Ceq = C + Mn / 6 + Cu / 15 + Ni / 15 + Cr / 5 + Mo / 5 + V / 5 (1)
If the value of Ceq is within this range, the above-mentioned goal, i.e.
・ YR: 80% or less,
-TS: 490 MPa or more,
VTrs: −20 ° C. or lower,
Can be met. The preferred lower limit for the value of Ceq is 0.33. The preferable upper limit of the value of Ceq is 0.42.

  In addition, [Ceq] in the above formula (1) is a “carbon equivalent” generally used as an index for evaluating the hardenability and weldability of steel materials, and C, Si, Mn in the formula (1) , Ni, Cr, Mo, and V represent the content of each element in mass%.

(B) Microstructure:
In order to satisfy the above-mentioned target of the mechanical properties of YR, TS and vTrs in the low yield ratio steel material of the present invention, the microstructure of the steel material is a ferrite phase having an average crystal grain size of more than 3 μm and not more than 20 μm. The ratio of the hard phase having an average aspect ratio of less than 10 and the inevitable formation phase, the ratio of the ferrite phase being 40% or more, and the ratio of the inevitable formation phase being 5% or less is necessary. is there.

  In the low yield ratio steel material of the present invention, it is preferable that the inevitable formation phase does not exist in the microstructure (the ratio is 0%), but the characteristics of the low yield ratio steel material of the present invention are not impaired. A degree of inevitable formation phase is acceptable. Specifically, if the proportion of the inevitable formation phase in the microstructure is 5% or less, the characteristics of the low yield ratio steel material of the present invention will not be impaired.

  Hereinafter, the microstructure will be described in detail.

(B-1) Regarding the phase constituting the microstructure:
The phases constituting the microstructure of the low yield ratio steel material of the present invention must be a ferrite phase and a hard phase except for the above-mentioned proportion of inevitable forming phases that do not impair the characteristics of the low yield ratio steel material of the present invention. .

  As already mentioned, the “hard phase” means bainite, martensite and MA. The “inevitable formation phase” refers to a phase inevitably formed in addition to the ferrite phase and the hard phase, specifically a phase such as pearlite.

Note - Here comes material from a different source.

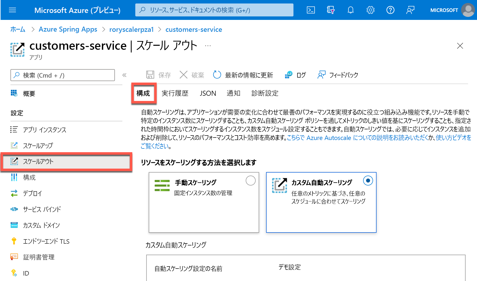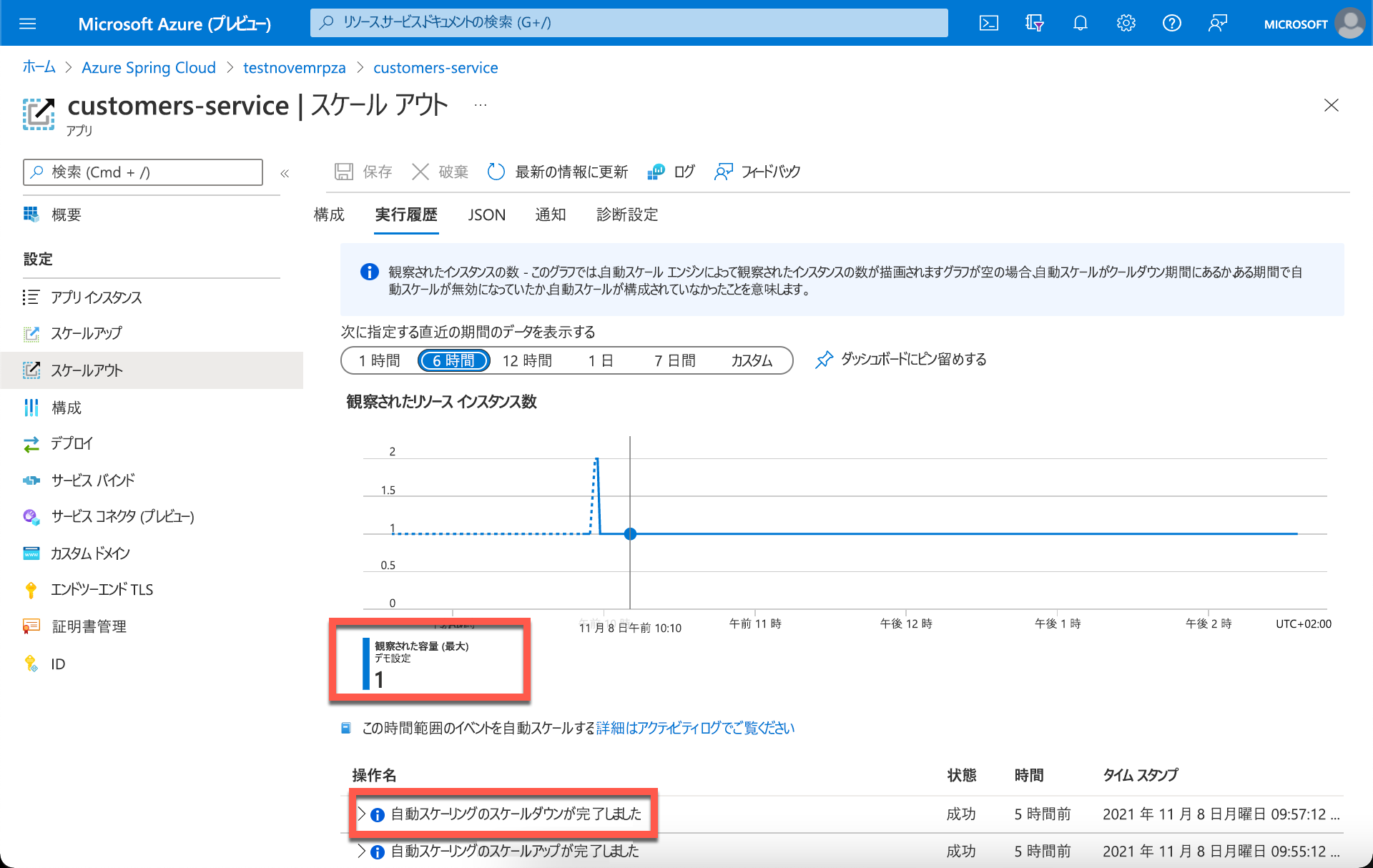 サンプルの Azure Spring Apps アプリケーションでは、アプリケーションを作成したときに、顧客サービス マイクロサービスでスケールアウト アクションがトリガーされています。
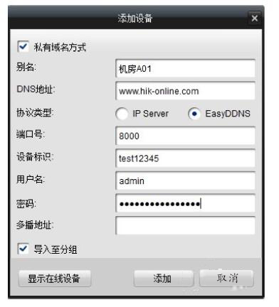 选择私有域名方式添加,协议类型选择成海康DDNS,填写设备域名、用户名、密码,即可正常使用iVMS-4200客户端软件访问设备。

  By setting the ratio of the ferrite phase in the microstructure to 40% or more, YR of 80% or less can be secured in the low yield ratio steel material of the present invention.

  Since the microstructure has a great influence on the strength, the ratio of the ferrite phase in the microstructure is preferably 90% or less in order to secure TS of 490 MPa or more.

  Note that when a steel material with a YR of 80% or less (TS: 490 to 610 MPa, yield strength (hereinafter referred to as “YS”): 325 MPa or more) low yield ratio steel material is desired, the ratio of the ferrite phase in the microstructure Is preferably 80 to 90%.

  Further, when it is desired to obtain a 590 MPa class (TS: 590 to 740 MPa, YS: 325 MPa or more) low yield ratio steel material having a YR of 80% or less, the ratio of the ferrite phase in the microstructure is preferably 40 to 80%. .

  What is necessary is just to measure the area ratio by the normal observation means of a microstructure about the ratio of the specific phase which occupies for a microstructure. This is because it is known that the volume ratio of the phase in the microstructure is equal to the area ratio.

  An example of a specific method for measuring the proportion of a specific phase in the microstructure is shown in the examples described later.

(B-2) Regarding the average grain size of ferrite:
When the average crystal grain size of the ferrite phase in the above microstructure exceeds 20 μm, the toughness decreases. On the other hand, when the average crystal grain size of the ferrite phase in the microstructure is 3 μm or less, YS rises greatly, leading to an increase in YR, and YR of 80% or less cannot be secured.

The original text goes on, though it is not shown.